Task objective |
Span requested from the data below: the line with "桂盛市民云怎么注册1.进入软件输入手机号获取验证码进行注册" through the line with "Colgante de Seguridad", both included. Give only these lines again, exactly, and leave every picture out.

Records supplied |
________
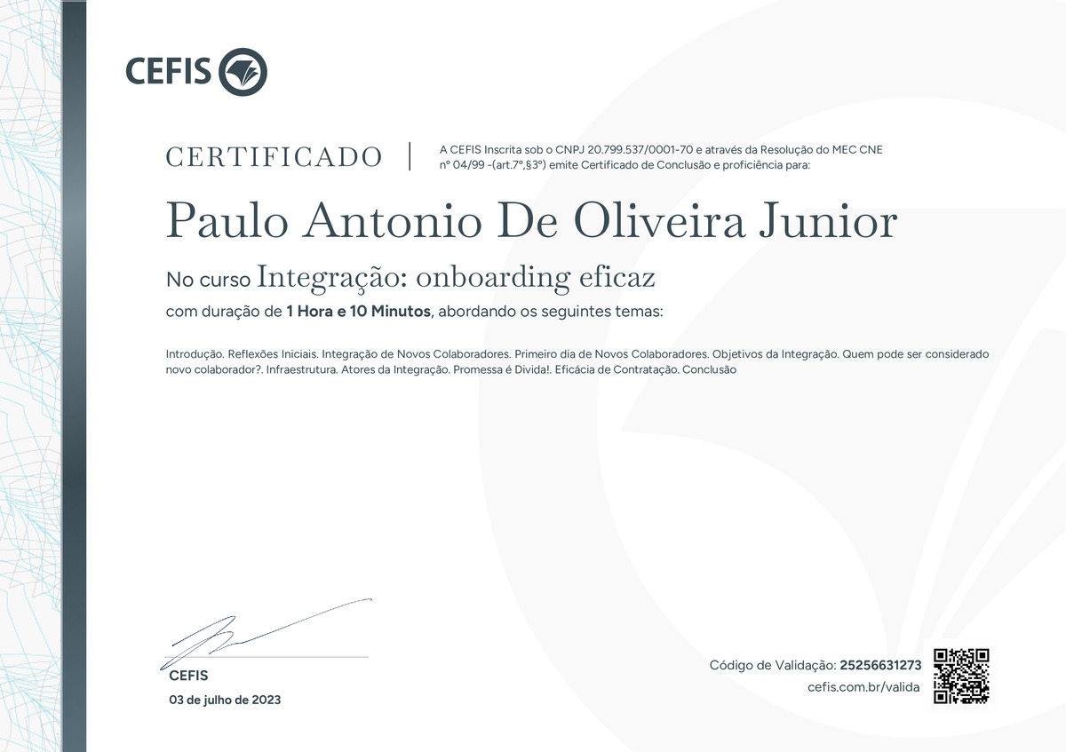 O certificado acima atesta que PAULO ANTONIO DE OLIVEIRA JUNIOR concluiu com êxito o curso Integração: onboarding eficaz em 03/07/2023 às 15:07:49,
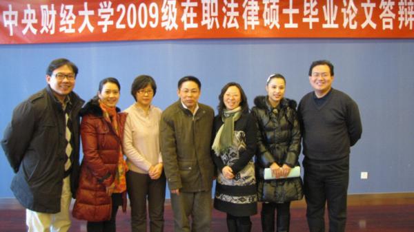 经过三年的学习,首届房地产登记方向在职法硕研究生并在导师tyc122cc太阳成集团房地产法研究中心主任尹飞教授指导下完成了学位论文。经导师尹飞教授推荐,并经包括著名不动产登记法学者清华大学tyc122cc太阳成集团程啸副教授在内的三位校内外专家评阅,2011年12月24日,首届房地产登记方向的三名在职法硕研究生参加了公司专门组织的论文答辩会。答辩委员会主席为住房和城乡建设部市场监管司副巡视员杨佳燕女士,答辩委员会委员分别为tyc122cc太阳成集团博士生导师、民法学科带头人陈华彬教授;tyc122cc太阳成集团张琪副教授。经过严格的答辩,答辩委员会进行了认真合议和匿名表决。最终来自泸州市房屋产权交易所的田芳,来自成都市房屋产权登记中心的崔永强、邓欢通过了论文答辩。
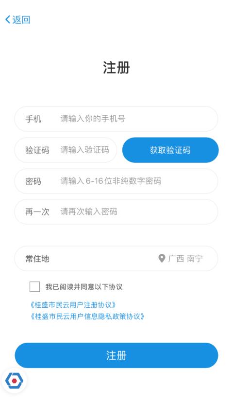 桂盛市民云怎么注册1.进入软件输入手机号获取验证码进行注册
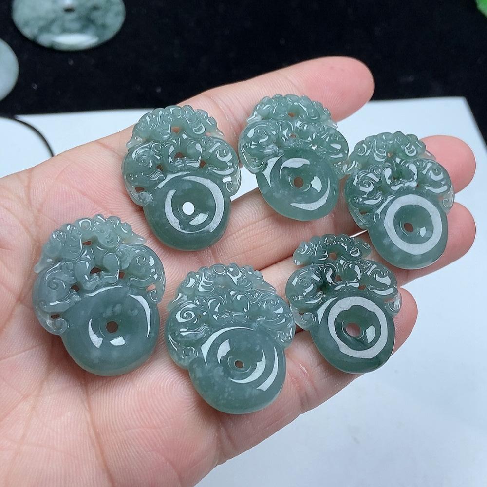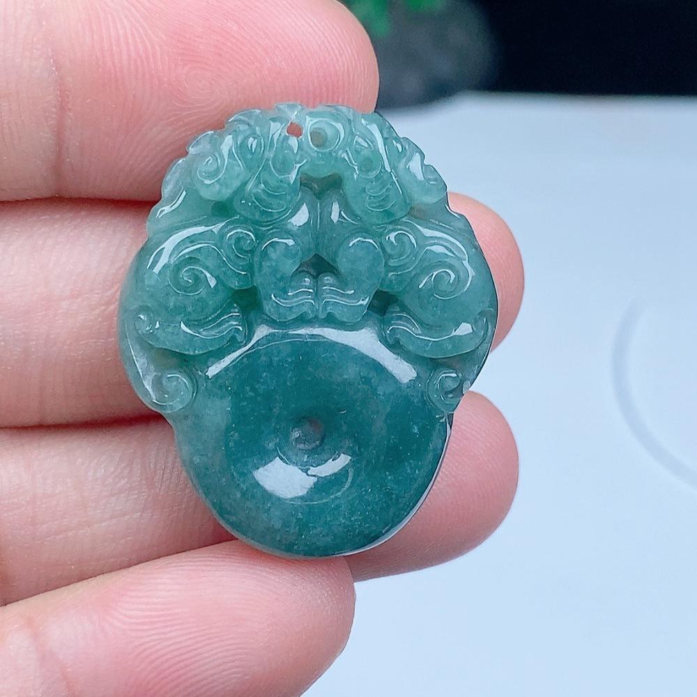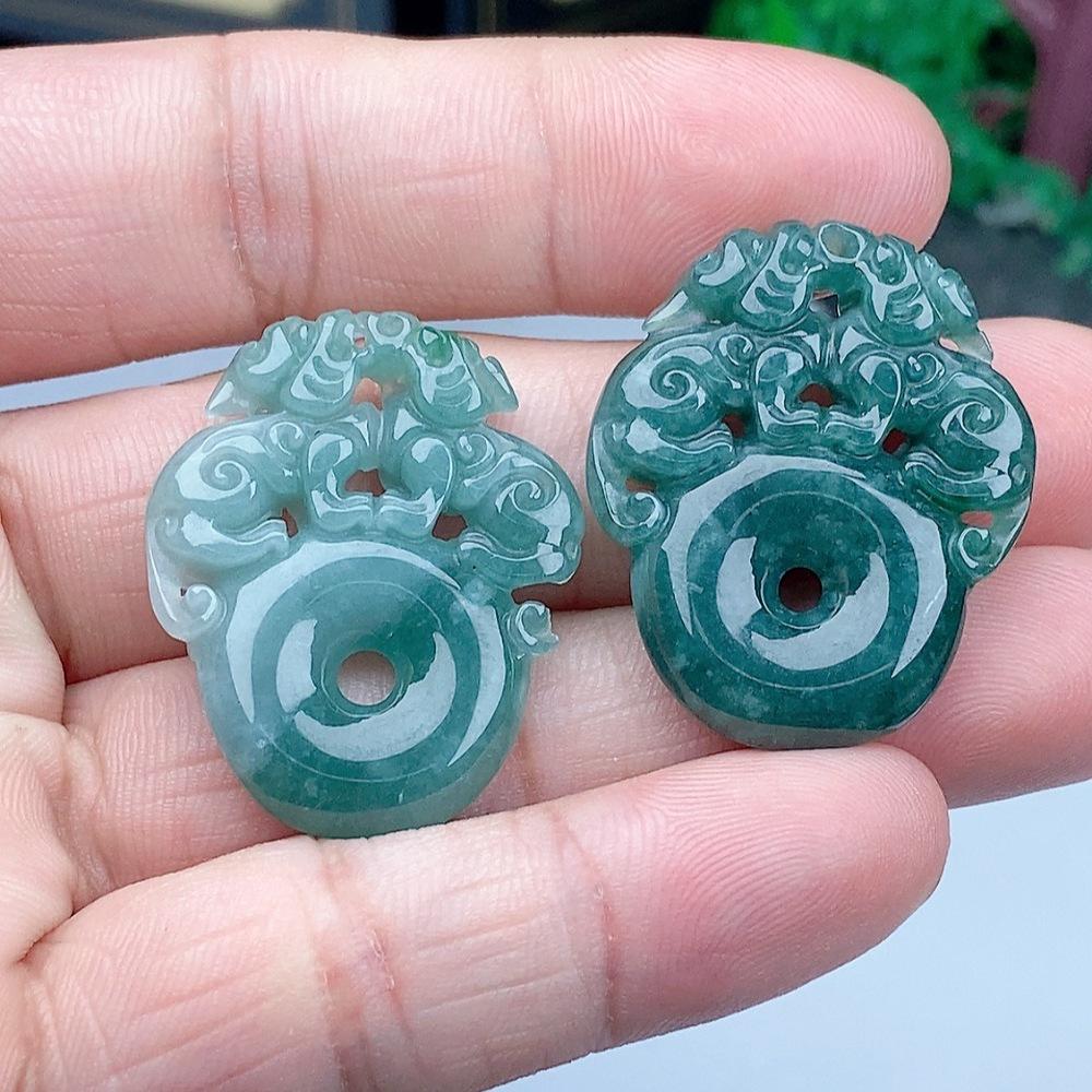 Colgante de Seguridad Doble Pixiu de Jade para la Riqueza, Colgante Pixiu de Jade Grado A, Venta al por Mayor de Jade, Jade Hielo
________
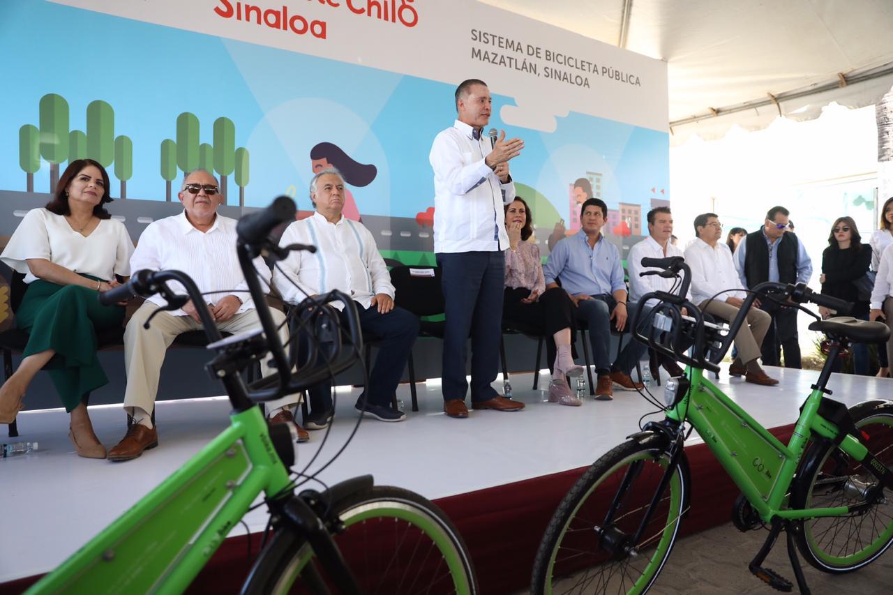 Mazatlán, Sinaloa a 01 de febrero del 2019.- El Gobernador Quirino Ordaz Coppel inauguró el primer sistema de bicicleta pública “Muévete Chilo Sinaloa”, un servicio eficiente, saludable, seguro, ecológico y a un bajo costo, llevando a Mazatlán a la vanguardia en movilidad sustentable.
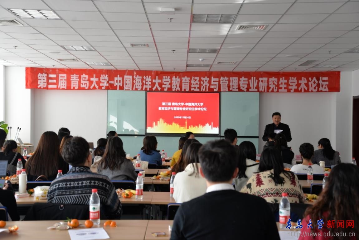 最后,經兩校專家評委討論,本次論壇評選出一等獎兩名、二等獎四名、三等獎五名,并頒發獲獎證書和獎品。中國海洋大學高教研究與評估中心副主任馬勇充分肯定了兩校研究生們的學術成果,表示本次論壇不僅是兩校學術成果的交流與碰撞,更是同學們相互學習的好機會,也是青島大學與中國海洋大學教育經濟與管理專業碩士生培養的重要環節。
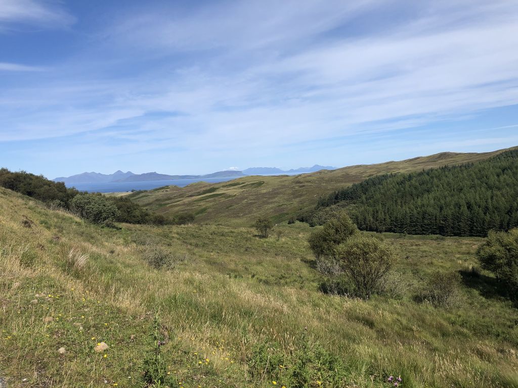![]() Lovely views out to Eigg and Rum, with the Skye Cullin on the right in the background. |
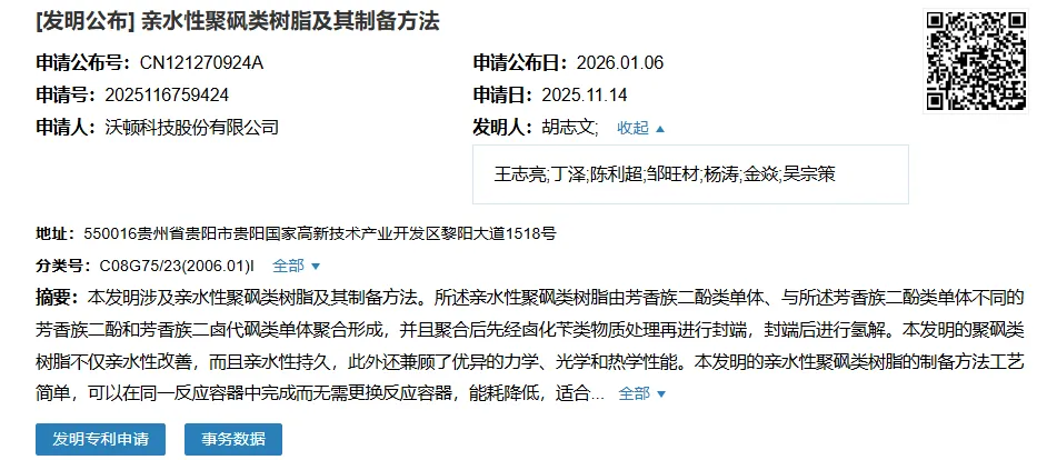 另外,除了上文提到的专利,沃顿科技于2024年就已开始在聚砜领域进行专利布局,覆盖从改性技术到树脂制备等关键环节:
________
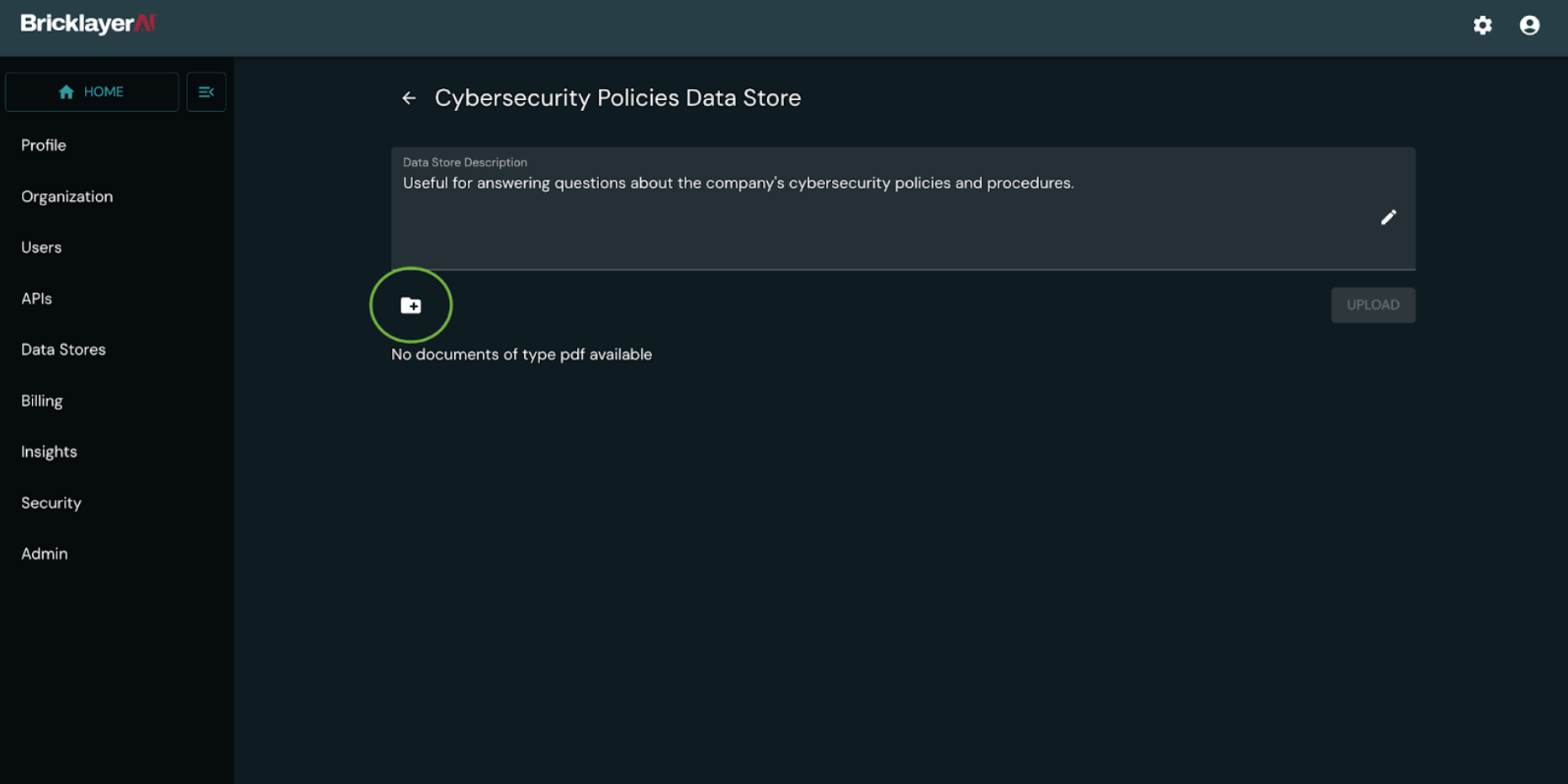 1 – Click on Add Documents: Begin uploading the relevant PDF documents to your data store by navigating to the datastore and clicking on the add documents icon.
________
Response to this task |
 桂盛市民云怎么注册1.进入软件输入手机号获取验证码进行注册
 Colgante de Seguridad Doble Pixiu de Jade para la Riqueza, Colgante Pixiu de Jade Grado A, Venta al por Mayor de Jade, Jade Hielo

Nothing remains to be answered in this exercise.